Sensational and sensual
Many Rubens works are sensational: loud, forceful, and sometimes violent, created in the service of Catholic propaganda and of absolutist rulers. With his almost cinematographic depiction of aggression, fighting, and barbaric scenes, Rubens could be called the Quentin Tarantino of his time. But he is also a sensual painter in his informal family portraits, landscapes and pastoral scenes, peasant dances and gardens of love, in which he was a precursor of rococo, Romanticism, and Impressionism.
Rubens was so many-sided that he appealed to artists of every nationality. Their interest was often selective. Spaniards preferred his religious works. The English were inspired by his portraits and landscapes. French painters were attracted, above all, by the eroticism and poetry in his work. German and Austrian artists admired his vitality and vigour.
A great many talented artists were captivated by his use of composition, colour, and technique and developed flourishing careers by following his example. After meeting Rubens, Velázquez began to paint in a different way; following his counsel, he used a lighter undercoat.
160 works of art, 6 themes
The Sensation and Sensuality exhibition presents more than 160 works of art and takes the visitor through six fascinating themes that explore different aspects of life and of the painter’s art: violence, power, lust, compassion, elegance, and poetry. Each of these chapters demonstrates the links between masterpieces by Rubens and the work of artists who came after him. The Tiger Hunt from the Musée des Beaux-Arts in Rennes hangs alongside the Delacroix Lion Hunt from Stockholm and the voluptuous Pan and Syrinx from the Gemäldegalerie in Kassel alongside Boucher’s work of the same name from the National Gallery in London; the Portrait of Marchesa Maria Grimaldi and Her Dwarf from Kingston Lacy is juxtaposed with A Genoese Noblewoman and Her Son from Washington, by Rubens’s famous pupil van Dyck; and Manet’s Rubens pastiche Fishing from the Metropolitan Museum in New York can be seen alongside The Bacchanalia on Andros by Rubens, from the Nationalmuseum in Stockholm.

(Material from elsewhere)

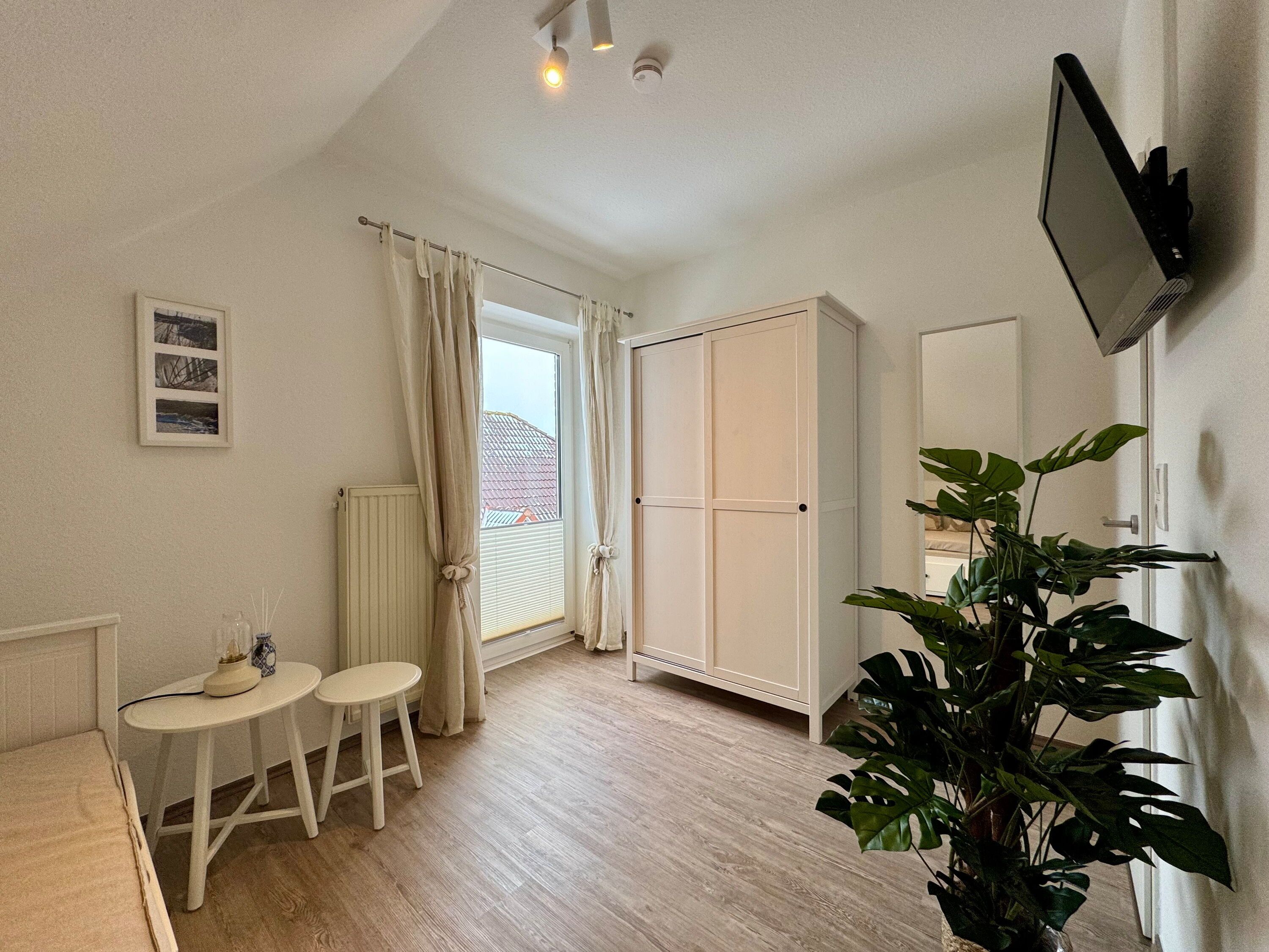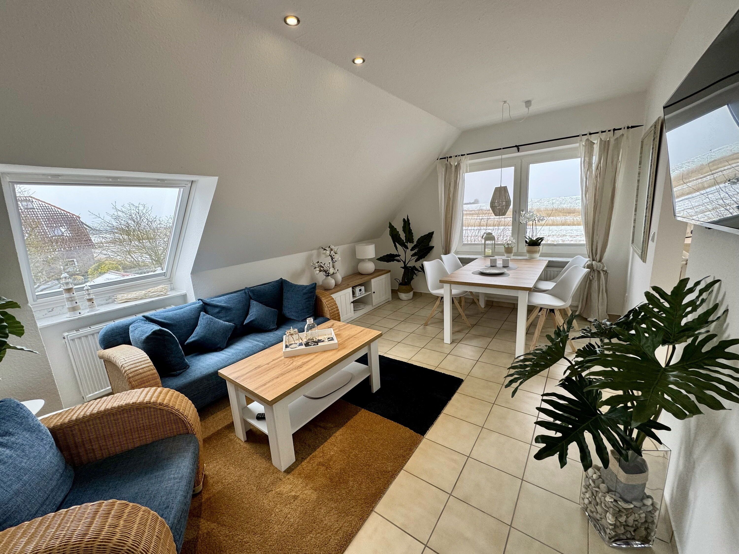 Das Highlight der Wohnung Am Deich ist der weite Blick über die Felder auf den Deich. Diese Wohnung befindet sich im Obergeschoss. Sie ist für maximal 3 Personen ausgelegt. Hier können Sie dem Stress und der Hektik des Alltags entfliehen. Die Wohnung ist mit Liebe zum Detail eingerichtet. Sie bietet Ihnen jeglichen Komfort, um Ihren Urlaub in jeder Jahreszeit angenehm zu gestalten.

The 20 paintings, 6 oil sketches, 8 drawings, and 10 prints by Rubens himself are presented in a dialogue with works by his artistic heirs, including Böcklin, Carpeaux, Constable, Corinth, Coypel, Daumier, Delacroix, Fragonard, Gainsborough, Géricault, Jordaens, Klimt, Kokoschka, Le Brun, Makart, Murillo, Picasso, Rembrandt, Renoir, Reynolds, Sandrart, Turner, Watteau, and others.
Prestigious loans
Exceptionally, one of the jewels of the Prado collection in Madrid, Rubens’s Garden of Love, will travel to Brussels, where it will be brought together with preparatory sketches from the Amsterdam Museum and two drawings that Rubens made of his painting for a superb print (Metropolitan Museum, New York). Bringing these pieces together allows us to see how this famous
composition took shape, from idea to reproduction.
As well as those already mentioned, the major foreign lending institutions contributing include Tate Britain (London), the Neue Pinakothek (Munich), the Nasjonalgalleriet (Oslo), the collection of Queen Elizabeth II, and a number of private collections.